Common Pitfalls to Avoid

  • Overlooking Secondary Unique Constraints: The most common pitfall is assuming ON CONFLICT (primary_key_column) will handle violations of all other unique constraints on the table. It won’t.
  • Ambiguous conflict_target: If column names in ON CONFLICT (column_list) could map to multiple unique indexes, PostgreSQL’s choice might not be what you expect. Naming the constraint (ON CONFLICT ON CONSTRAINT constraint_name) is more explicit.
  • Intra-Statement Conflicts: If a single INSERT statement attempts to insert multiple rows that would conflict with each other on the arbiter key(s) (e.g., INSERT INTO ... VALUES (1,'a'),(1,'b') ON CONFLICT (id) ...), PostgreSQL will raise a “cardinality violation” error. The ON CONFLICT clause cannot update the same row twice within the same statement.
  • Not Considering Trigger Side Effects: Forgetting that triggers can independently modify data leading to unique violations.

Conclusion

While PostgreSQL’s INSERT ... ON CONFLICT DO UPDATE statement is a robust tool for atomic UPSERT operations, it’s crucial to understand its scope, particularly concerning its interaction with multiple unique constraints under concurrent workloads.

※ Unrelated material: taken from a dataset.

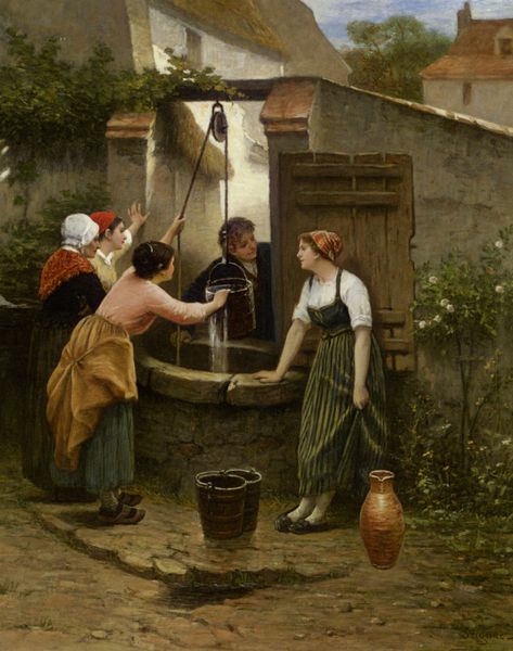 Eugene de Blaas painted ‘Catch of the Day’ in the late 19th or early 20th century, depicting a vibrant scene of everyday life in Venice, Italy. It offers a glimpse into the social dynamics of the time, particularly the roles and interactions of working-class women. De Blaas uses visual cues to create meaning. The women are positioned prominently, engaged in work and social interaction, while the men appear more as background figures. This might suggest a focus on the female experience within this community. The setting, a narrow street, hints at the close-knit nature of Venetian life, where public and private spaces blur. To truly understand this painting, one would need to delve into the social and economic conditions of Venice at the turn of the century. Researching the roles of women in Venetian society, their economic activities, and the social structures that governed their lives would provide richer insights into the painting's meaning. Art history, ultimately, is inseparable from social history.

The ERROR: duplicate key value violates unique constraint often signals that a unique constraint other than the one specified as the arbiter has been violated due to a race condition with a concurrent transaction.

By carefully defining conflict targets, understanding the behavior with multiple constraints, judiciously using WHERE clauses in the DO UPDATE part, performing thorough diagnostics, and implementing application-level retries where appropriate, you can effectively troubleshoot and mitigate these concurrency-related errors, leading to more resilient and reliable PostgreSQL applications.